Quinta, 01 de Setembro de 2005 às 11:13, por: CdB

O falso bate-papo informal entre os compositores Carlos Lyra e Roberto Menescal já nas primeiras cenas do filme <i>Coisa mais linda</i>, estréia da sexta-feira, denuncia ao espectador a nostalgia dominante do novo documentário do cineasta mineiro Paulo Thiago.

Ao remexerem os baús da Bossa Nova, movimento que revolucionou a cultura musical brasileira, seja pela melodia ou pelos elaborados arranjos, eles não escapam da melancolia que acompanha toda a produção.

O diretor, que também assina o roteiro, aborda diretamente uma época de ouro e um Rio de Janeiro inesquecível, não assombrado pelas marcas da violência. Há também discursos emocionados de velhos amigos que ajudaram a eternizar a batida que, em 1962, no Carnegie Hall, encantou os norte-americanos em Nova York.

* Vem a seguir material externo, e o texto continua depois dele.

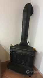 Stufa caminetto modello Franklin, interamente in ghisa, 13Kw, dim 90x65, peso 110kg, uscita fumi da 20 con valvola di regolazione tiraggio. La stufa e' in buone condizioni ed ha una discreta resa, viene venduta in quanto sostituita con una canalizzata. Si trova nei pressi di Pradeltorno, nel comune di Angrogna. E' previsto il solo ritiro a mano a cura dell'acquirente. Tubi del canale fumi in regalo.

Nos depoimentos, nas imagens inéditas de apresentações, nas homenagens a Vinicius de Morais, Tom Jobim, João Gilberto e Nara Leão, o painel da década de 1950 é redesenhado. Alaíde Costa, Johnny Alf, Joyce, Wanda Sá, Iko Castro Neves, entre outros que ainda defendem as bandeiras da Bossa Nova, estão lá para juntar as peças que explicam o nascimento do famoso gênero do banquinho e violão.

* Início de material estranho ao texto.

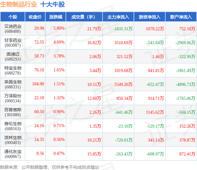 个股表现方面,生物制品行业当日领涨股为艾迪药业(688488),该股当日报收20.98,上涨5.8%,成交量21.79万,主力资金净流出1831.31万元。甘李药业(603087)以上涨4.69%紧随其后,该股当日成交量16.82万,主力资金净流入3510.69万元。除此之外,奥浦迈(688293)、特宝生物(688278)、荣昌生物(688331)均进入当日牛股之列。具体个股列表见下表: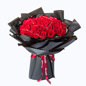 熱情如火-33枝紅玫瑰+夢幻黑紗鮮花花束
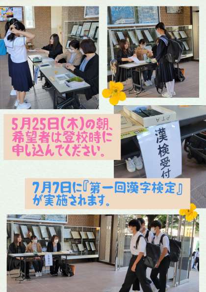 玄関において『第一回漢字検定』の申込みを受付けております。
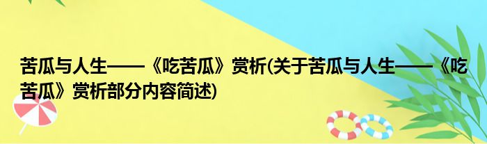 苦瓜与人生——《吃苦瓜》赏析(关于苦瓜与人生——《吃苦瓜》赏析部分内容简述)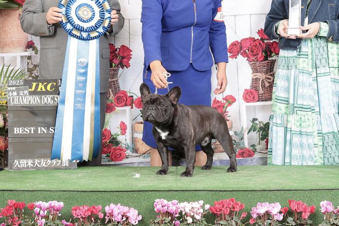 JKCチャンピオン、FCIインターナショナルビューティーチャンピオン、Best In Show受賞、フレンチ・ブルドッグ単犬種展にてBOS(オスの1位)受賞。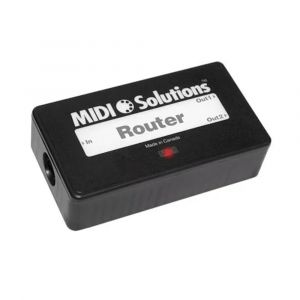 Router firmy MIDI Solutions pozwala na rozsyłanie, filtrowanie i zmianę kanałów wybranych komunikatów MIDI wysyłając je do jednego z dwóch / obu / żadnego z dwóch wyjść MIDI tego urządzenia.

As lembranças são apenas quebradas pelos capítulos focados nas letras, harmonia, batida, ritmo e, até, no banquinho. Há também discussões acompanhadas por teóricos como Sérgio Cabral, Tarik de Souza e Arthur Tavola. Mais didáticos, eles situam o espectador em um contexto mais amplo da música brasileira e, assim, mostram a importância de tudo o que se vê na tela.

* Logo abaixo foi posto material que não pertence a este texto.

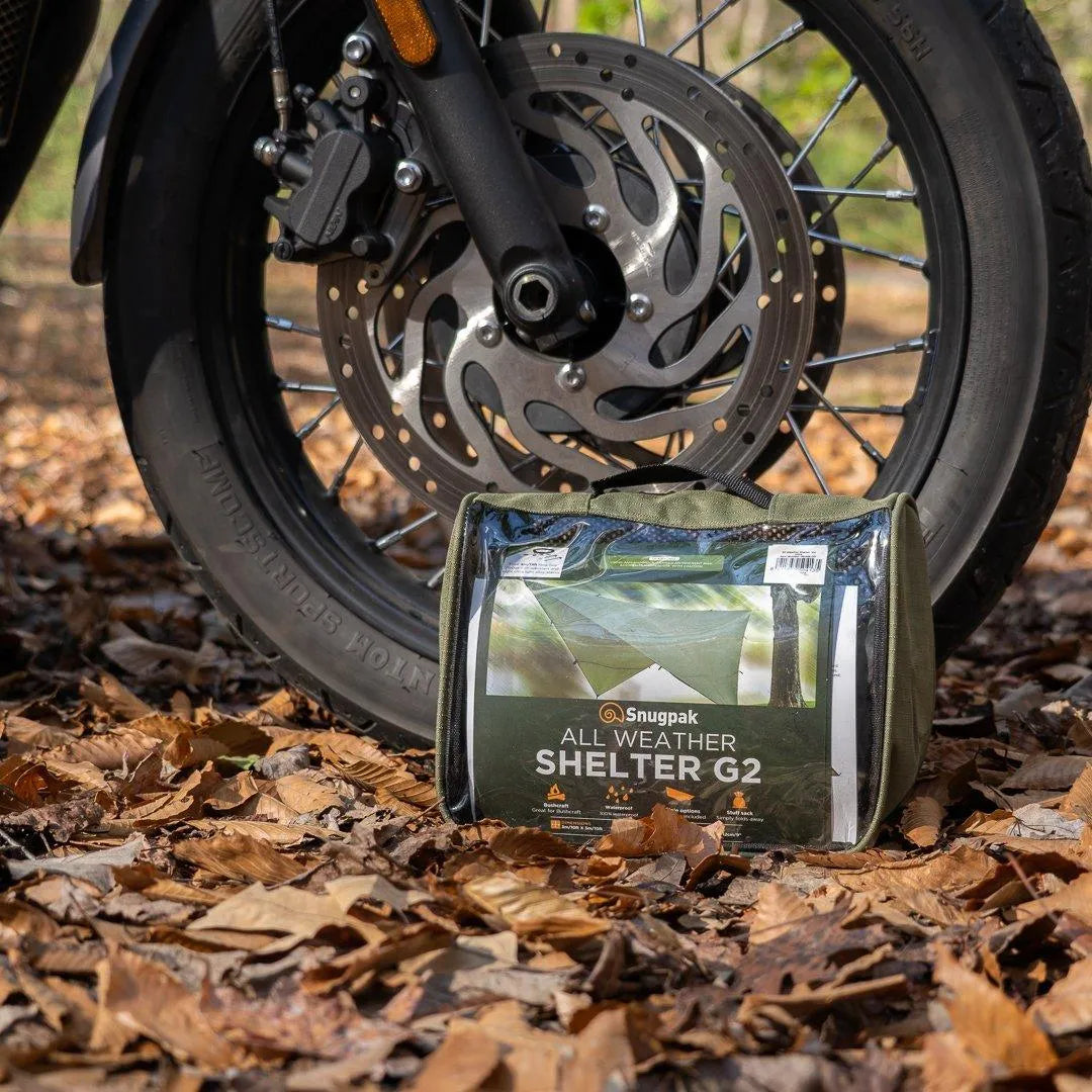 This one is for the minimalist motorcycle camper. The Snugpak All Weather Shelter is an impressive 10 x 10 ft tarp shelter, designed for Bush craft, Wild Camping, Group Activities and Military use. It is the perfect complement to any outdoor pack and will provide versatile protection from all-weather elements.

Por mais que sejam as recordações e apresentações as grandes personagens deste documentário, as insistentes investidas do diretor e roteirista em sensibilizar o espectador desvirtuam sua real proposta. Poesias dos mais variados autores e trechos líricos das obras de Vinicius de Morais invadem a tela em situações desnecessárias e sem propósito.